You don't have to toss the camera at all, I did this years ago with film. You can spin the camera on the strap, swing it around your arm, or just simply move the camera around a light source with your hand...the results can be quite predictable, and quite delightful.
And don't forget, it doesn't just have to be light sources, it can be stationary geometrical objects, with some interesting lighting out of the frame. I just shot some cool shots on my little digicam, but then the battery died.
Before you guys knock something like this, try it a few times, it's quite a bit of fun.

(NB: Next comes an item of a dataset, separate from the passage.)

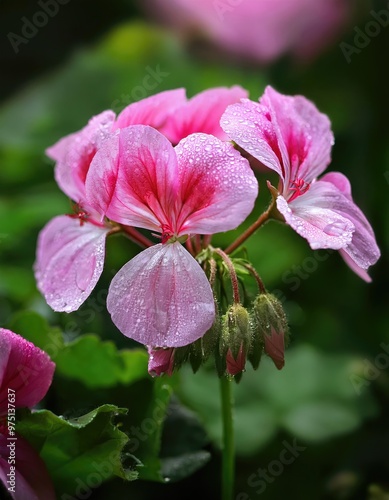 Pink flower with dew drops
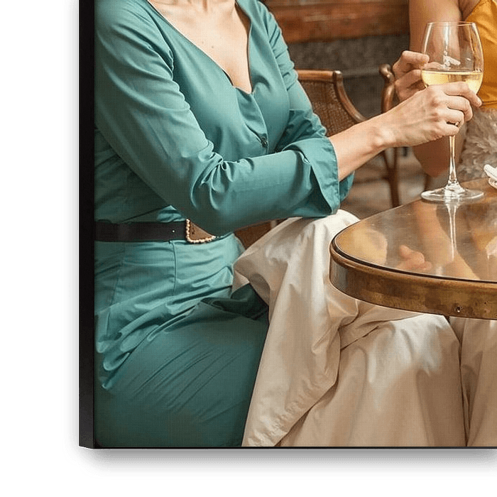 Champagne and Charm is a sparkling work of art that captures the timeless allure of a stylish society moment. The scene is set on a sunny terrace in a historic city, where elegantly dressed ladies in satin dresses and large, flower-adorned hats gather for a celebratory toast. The atmosphere exudes sophistication, gaiety and a touch of nostalgia - an ode to the glamour of days gone by.

And speaking of the Turner prize, that German guy who won it a couple years ago is really a fantastic photographer. Can't think of theguy, but he took the large format pictures of the Hong Kong stock exchange, shopping malls, etc. that became in a sense abstract works, even though they were hyper-realistic shots. Abstract if for no other reason than the absurdity in the images....like the grocery store with the thousands of candy bars.
The pictures he won the Turner prize for were also very interesting, the result of an accident in teh dark room, where he mis-exposed some color paper....he figured out that he could make some really interesting abstracts, and there's nothing about those pictures that ISN'T photography...remember, "writing with light," and all that.
A lot of people had the exact same responses to Jackson Pollock's work back in the day, and now we call him America's great painter. Rothko, de Kooning, all those guys did some crazy stuff that was at first very very sternly objected to.
Don't forget boys, art is an evolving form, and mankind has a natural tendency to hold back the development process. Some things stay and become part of the vernacular, some things merely get included in the general perception, and some things are forgotten. Does anybody here know what "Suprematism" was?
The culmination, or the jumping off point was when Malevich painted a red square, and called it "Russian Peasant Woman."
And yet, Suprematism contributed not only to Soviet photography and painting, but also to the rest of modern Western art. Ask any Art Historian worth his or her salt about that painting, and they'll give you a list of every modern artist in the last 80 years that was influenced by that painting, and that list includes just about everybody.